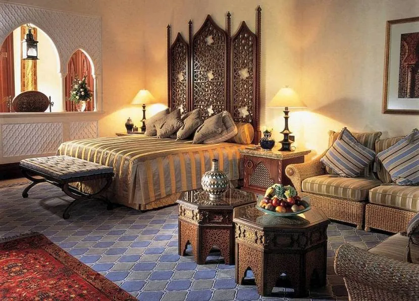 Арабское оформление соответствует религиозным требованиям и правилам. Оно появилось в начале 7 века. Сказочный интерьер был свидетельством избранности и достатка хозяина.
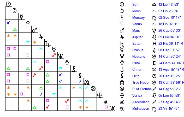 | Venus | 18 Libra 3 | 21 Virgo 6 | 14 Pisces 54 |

========

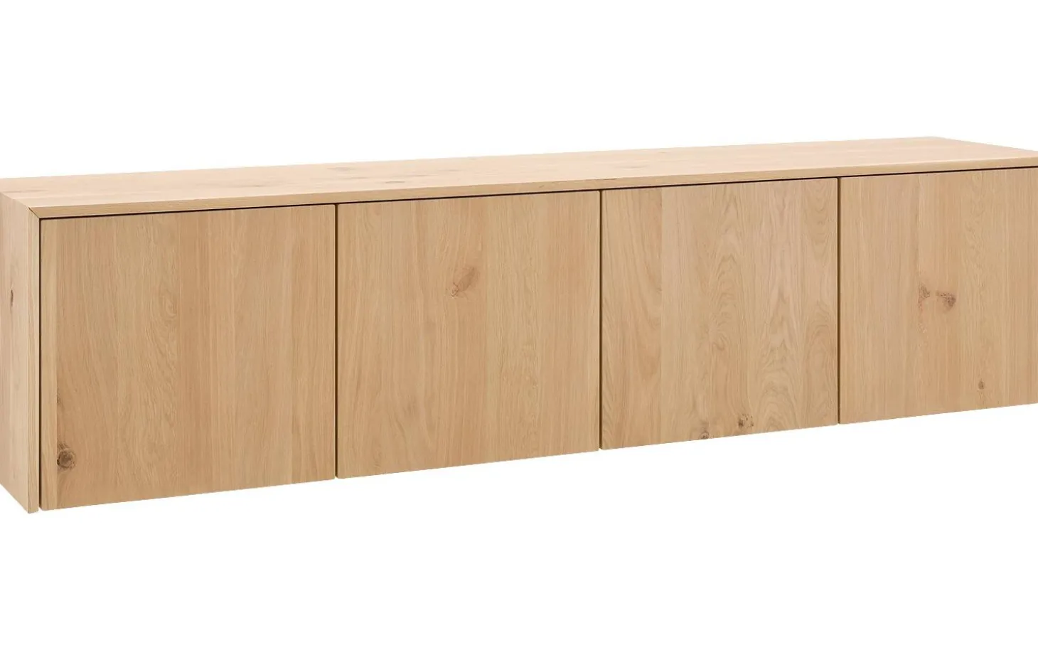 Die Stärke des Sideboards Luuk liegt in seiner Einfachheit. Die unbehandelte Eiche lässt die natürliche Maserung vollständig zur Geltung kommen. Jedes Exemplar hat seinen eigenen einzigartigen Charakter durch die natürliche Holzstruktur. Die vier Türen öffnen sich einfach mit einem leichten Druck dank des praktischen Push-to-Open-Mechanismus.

========

● What the exercise asks: With the pictures removed from your copy, retype the lines above from the one that contains "Арабское оформление соответствует" through the one that contains "Pisces 54 |", exactly.

● Response for this exercise:
 Арабское оформление соответствует религиозным требованиям и правилам. Оно появилось в начале 7 века. Сказочный интерьер был свидетельством избранности и достатка хозяина.
 | Venus | 18 Libra 3 | 21 Virgo 6 | 14 Pisces 54 |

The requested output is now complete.